As all of the studies considered here show, the purpose and meaning of work was undergoing rapid transformation in Victorian Britain, a shift which impacted on class and gender identities and their social and cultural representation. The perspectives of work that were produced by workers, employers, writers and artists were multilayered and highly spatialized, moving between the representation of ideals and the recording of work practices. These three books explore the significance of labour in representations of work and gender. Barringer and Walker consider the production of images of male labour whilst Schwarzkopf's study focuses on the experience of work for the cotton weavers of Lancashire and its relationship to gender and identity.

Barringer's book is the most interdisciplinary in sources and methods. He positions his work as a 'social history of art', one which rejects the polarity of context and formal analysis.
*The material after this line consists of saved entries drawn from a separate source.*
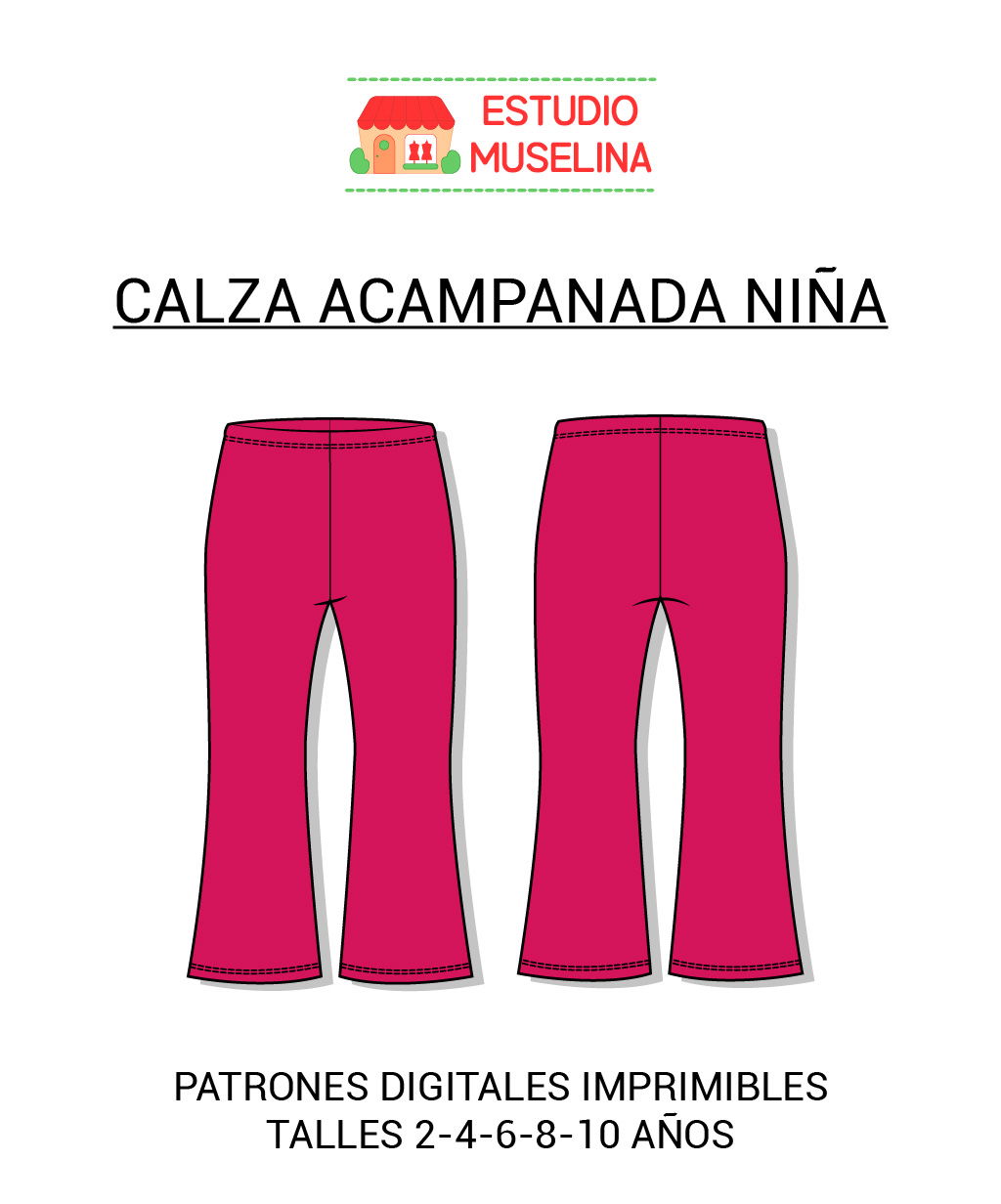 Molde digital para confeccionar una calza acampanada, incluye 5 talles agrupados y diferenciados por líneas distintas, luego del armado del molde, se puede recortar un talle o calcar cada talle para tener los 5 separados . Es ideal para emprendedores.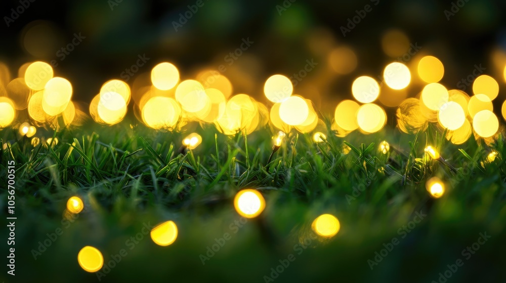 Wall mural : String lights illuminate green grass at night creating a beautiful bokeh effect in the background hi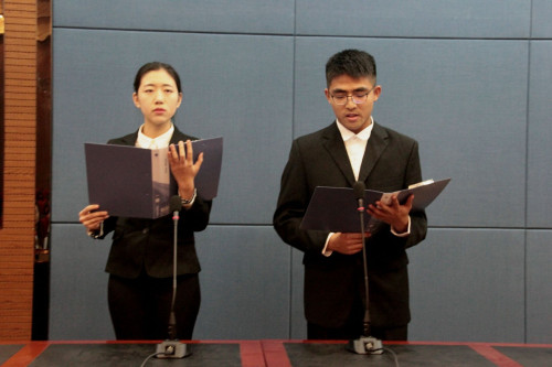 大赛中,参赛选手们准备充分,展现出文院学子深厚的文化底蕴与文学素养。在作品《穿越时空,矢志不渝》中,身着民国服饰的选手以手抚膺,深情地表达着革命者为国家大业视死如归的奉献精神;诗歌《光的赞歌》,选手以慷慨激昂的语调,传递着革命先烈们对光明未来的追寻;将情景剧与诗朗诵有机融合的节目《祈祷》,展现了战争年代青年学子忧国忧民的情怀……和着深情或雄壮的配乐,衬着精心制作的幻灯片,选手们热切真诚地表达着对伟人的缅怀和对祖国改革成就的歌颂。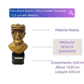 O Busto Chico Xavier ou Bezerra Menezes em Resina da Bialluz é uma escultura com muito valor espiritual, e possui muita fé envolvida. Tem detalhes minuciosos e uma pintura maravilhosa que ressalta toda a escultura. Por ser confeccionada em resina tem alta qualidade e resistência. Carregada de fé e paz, trará ótimas energias para sua vida e dará muita luz no seu caminho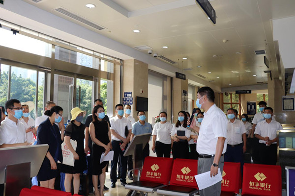 7月28日,創(chuàng)建全國(guó)文明城區(qū)專家指導(dǎo)組一行走進(jìn)恒豐銀行重慶江津支行營(yíng)業(yè)網(wǎng)點(diǎn),開展全國(guó)文明城區(qū)創(chuàng)建工作的現(xiàn)場(chǎng)指導(dǎo)教學(xué)工作。江津區(qū)金融發(fā)展服務(wù)中心、轄內(nèi)銀行業(yè)金融機(jī)構(gòu)相關(guān)負(fù)責(zé)人參加本次現(xiàn)場(chǎng)教學(xué)。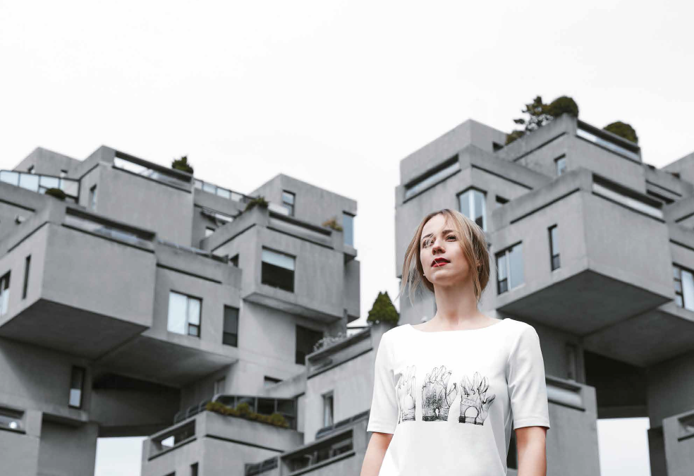 [Mise à jour]: La collection, dont les prix varient de 195$ à 1895$, sera entièrement confectionnée à la main à Montréal et compte un manteau en cachemire italien, deux vestes en mérinos et trois robes. Le manteau et les vestes seront fabriqués en seulement 20 exemplaires numérotés.

The result is a study that uses the concept of work imaginatively to explore the relationship between art and labour, the content of visual sources and the meanings they reflect and construct. Barringer's study is informed by Marxist approaches; he states that a focus on the body of the working man enables him to put class back at the heart of the art-historical analysis albeit in a way that acknowledges the interplay of race and gender as well as politics, religion and regional identities (14). As he notes at the outset, the ideological importance of the gospel of work has been long acknowledged by historians but the representation of work as ethical [End Page 360] and aesthetic in images of the male labouring body has received little attention. In his appreciation of the 'complexities and fragilities' in images of men at work, Barringer traces struggles over the meaning of work and the ability of artists to represent this meaning (2).
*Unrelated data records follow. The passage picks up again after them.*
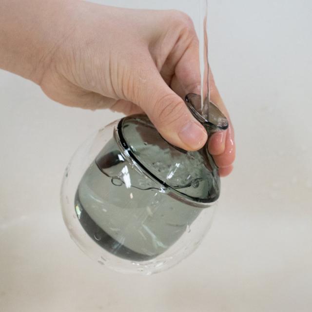 指にフィットして持ちやすいデザインのため、洗う際も安定してしっかり握れます。ガラス素材なので、飲み物のにおいや色移りがしにくく、さっと洗うだけで清潔感をキープ。毎日気持ちよくお使いいただけます。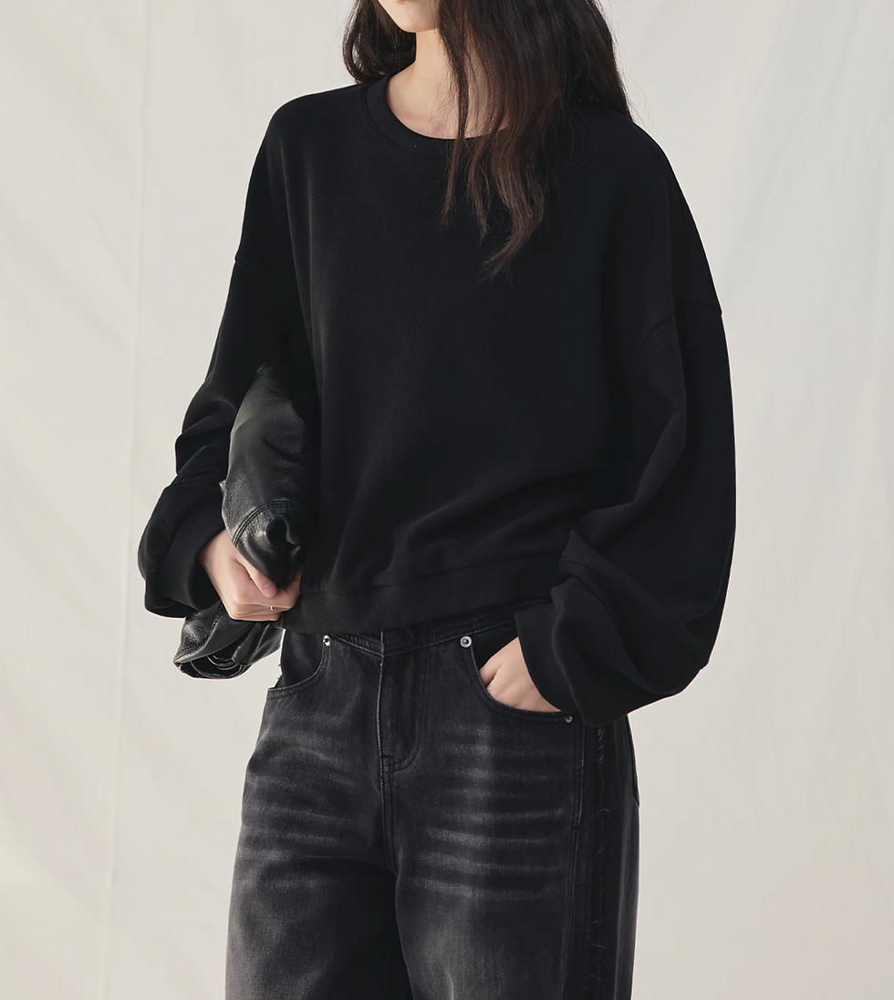 Good Vibe fleece lined embroidered cotton contour raglan balloon sleeves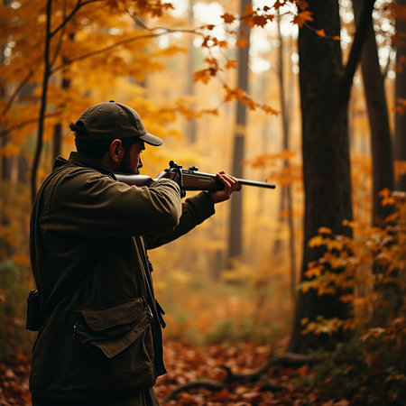 A man holds a rifle in the woods, engaging in outdoor hunting and shooting activities, Hunter aiming with rifle, AI Generated

Through a series of five case studies Barringer investigates the representation of labour in visual culture and considers the social and personal context in which they were produced. An analysis of images is interwoven with the stories artists produced about their own labour and alongside wider debates about men and work. Barringer's openingcase study begins, unsurprisingly, with a detailed investigation of Ford Madox Brown's Work which is presented as a direct intervention into mid-century debates about labour. In Work the meaning of labour is displayed in the body of the labourers as physically hard yet undertaken lustily – the ideal expression of Christian masculinity in which a burden is undertaken for the benefit of mankind. But Barringer also shows how the artist presents his own labour as exemplary through the technical detail of the painting, the references it contains to contemporary concerns and debates and in Madox Brown's anxiety to record the amount of work he put into the painting. Similar themes are addressed in a second case study on the work of John Linnell who produced images of agricultural labour and, like Madox Brown, carefully recorded his own production process. In an analysis informed by social context, Barringer argues that debates about the Corn Laws madethe rural labourer a problematic figure with the power to disrupt the aesthetic merit of landscape painting through associations with the brutalizing nature of agricultural work and the constant presence of poverty. Both case studies show how the rendering of labour in art, these attempts to capture the materiality of the world, reveal anxieties about the nature of work and the artist's ability to demonstrate his...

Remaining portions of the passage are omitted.